Work task>
Pictures are to be excluded. Please print only the lines from the one containing "比赛,帮助匈牙利3比1取胜,目前以10分" through the end of the data, exactly as they appear.

[Data extracted from a collection]
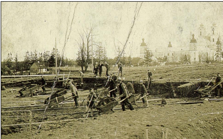
Budowa koszar dla Batalionu KOP „Sejny”.
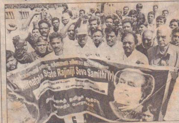
பெங்களூர், மார்ச் 9 இலங்கையில் போரை நிறுத்த வகை செய்து அங்கு தமிழர்களை காப்பாற்றக்

கோரி கர்நாடக மாநிலத்தின் தலைநகர் பெங்களூரில் ரஜினி சேவா சமித்தியின் சார்பில் நேற்று ஞாயிற்றுக்கிழமை பெங்களூரில் மகாத்மா காந்தி சாலையில் உள்ள மகாத்மா காந்தி சிலை அருகே ஈழத்தமிழருக்கு ஆதரவாக அமைதிப் போராட்டம் ஒன்று நடைபெற்றது.
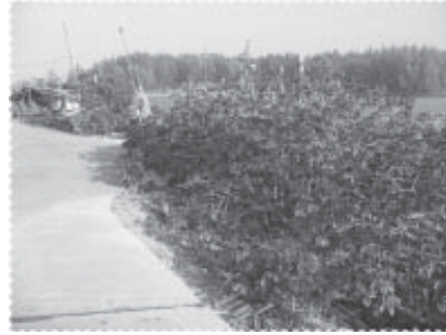
ภาพที่เดียวกัน เมื่อผ่านไป 2 ปี
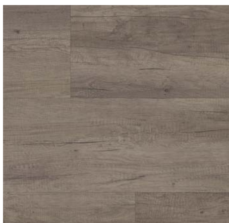
ML 76003 Dub Sereda
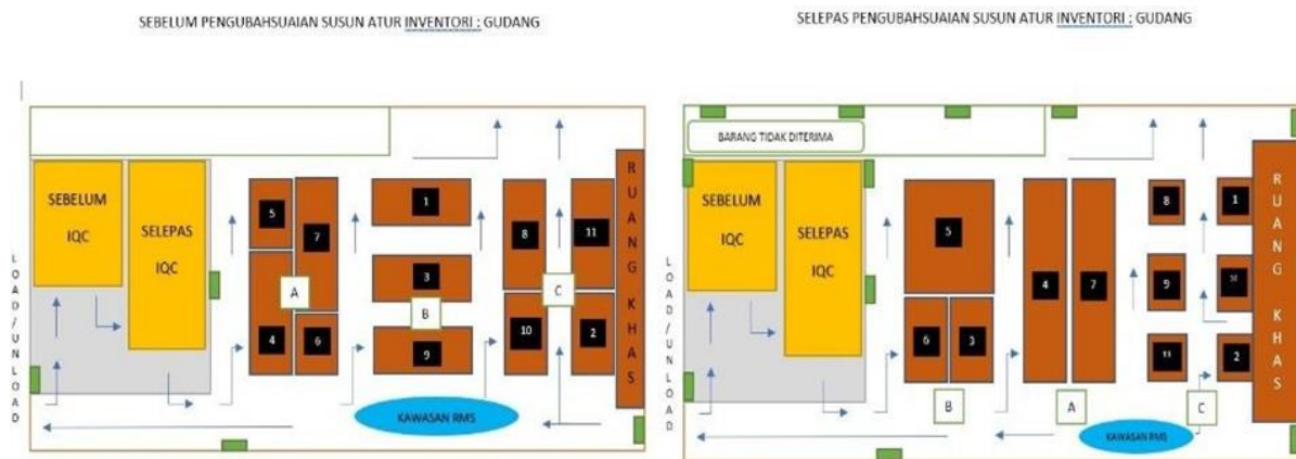
Rajah 2: Susun atur Layout sebelum dan selepas.

Kemudian, campuran peratusan daripada 3 komponen menjadi 12.75% adalah kategori barang kelas B dan akhir sekali, barang kelas C pula adalah 4.2% peratusan nilai kekerapan penggunaan barang. Rajah bar mewakili kawasan bagi komponen-komponen yang telah dikategorikan mengikut kelas di mana bar yang berwarna biru adalah barang kelas A iaitu komponen 4 dan 7, bar berwarna merah adalah barang kelas B iaitu komponen 6, 3 dan 5 manakala bar berwarna hijau adalah barang kelas C iaitu 9, 1, 8, 2, 10 dan 11.
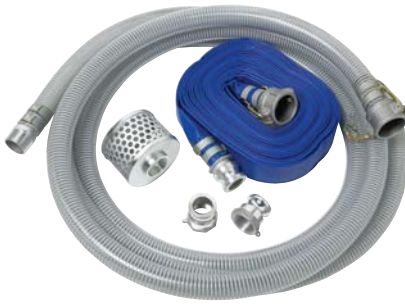
NÉCESSAIRE DE BOYAUX À RACCORDS CAMLOCK 2 po – PIÈCE NUMÉRO CB67023
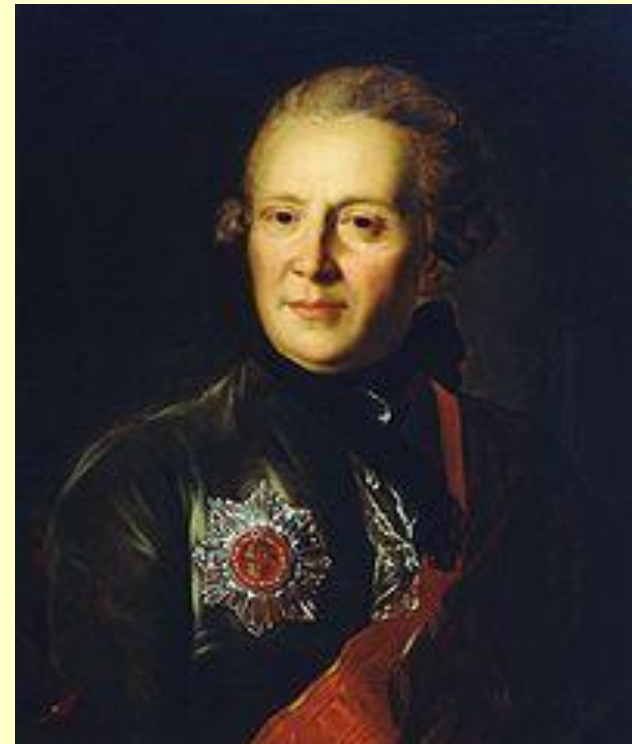
Александр Петрович Сумароков

Из указа Елизаветы Сенату от 30 августа 1756 г.:
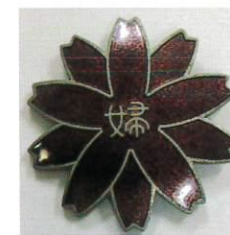
徽章 更女保護婦人会
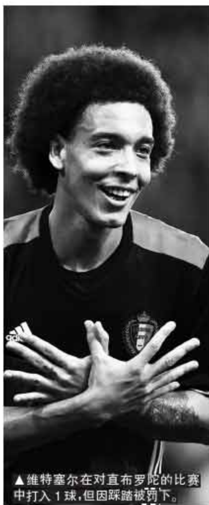
▲维特塞尔在对直布罗陀的比赛中打入1球,但因踩踏被罚下。

比赛,帮助匈牙利3比1取胜,目前以10分列B组第3,和第2名的葡萄牙有8分的差距,理论上依旧有机会拿到小组第2,3日,他们主场对葡萄牙,截至本报截稿时,比赛尚未开始。
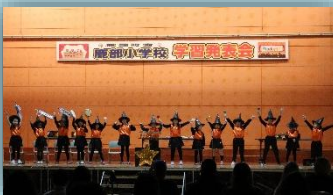
「リズム表現 ひょうげん」(5年)
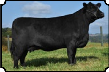
CAMPEÃ NOVIHA NACIONAL 2013 PROPRIEDADE VPJ AGROPECUÁRIA PWM TYPE 2009 HITTER 02816
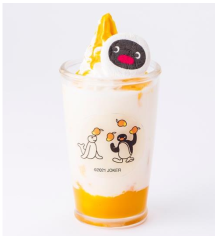
フルーツみるく～マンゴー～ 858円（税込）
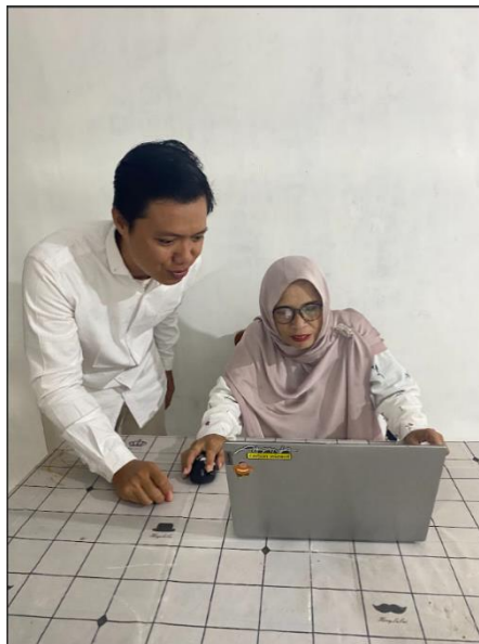
Gambar 4. Pendampingan Pengelolaan E-Learning MIM Kalilandak

Setelah modul dan video pengelolaan E-Learning di MIM kalilandak selesai, kemudian dilakukan proses pendampingan agar supaya kendala-kendala teknis dalam proses pengelolaan dapat teratasi. Pendampingan ini diberikan kepada dua guru dari MIM Kalilandak yang merupakan pengelola dari MIM Kalilandak pada tanggal 24 Juni 2023 (Gambar 4).
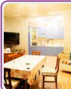
C-135 Castenuovo R.

Proponiamo APP. TO al 1° ed ULTIMO PIANO composto da soggiorno con cucina e balcone, 2 CAMERE e un bagno, GARAGE con LAVANDERIA e 2 cantine.
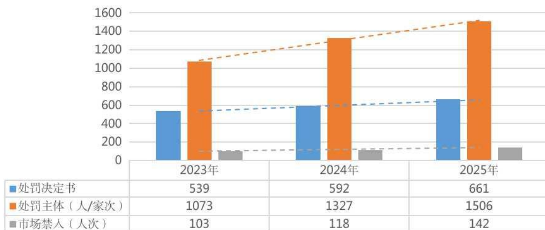
近三年中国证监会行政处罚情况

Answer space>
比赛,帮助匈牙利3比1取胜,目前以10分列B组第3,和第2名的葡萄牙有8分的差距,理论上依旧有机会拿到小组第2,3日,他们主场对葡萄牙,截至本报截稿时,比赛尚未开始。
「リズム表現 ひょうげん」(5年)
CAMPEÃ NOVIHA NACIONAL 2013 PROPRIEDADE VPJ AGROPECUÁRIA PWM TYPE 2009 HITTER 02816
フルーツみるく～マンゴー～ 858円（税込）
Gambar 4. Pendampingan Pengelolaan E-Learning MIM Kalilandak

Setelah modul dan video pengelolaan E-Learning di MIM kalilandak selesai, kemudian dilakukan proses pendampingan agar supaya kendala-kendala teknis dalam proses pengelolaan dapat teratasi. Pendampingan ini diberikan kepada dua guru dari MIM Kalilandak yang merupakan pengelola dari MIM Kalilandak pada tanggal 24 Juni 2023 (Gambar 4).
C-135 Castenuovo R.

Proponiamo APP. TO al 1° ed ULTIMO PIANO composto da soggiorno con cucina e balcone, 2 CAMERE e un bagno, GARAGE con LAVANDERIA e 2 cantine.
近三年中国证监会行政处罚情况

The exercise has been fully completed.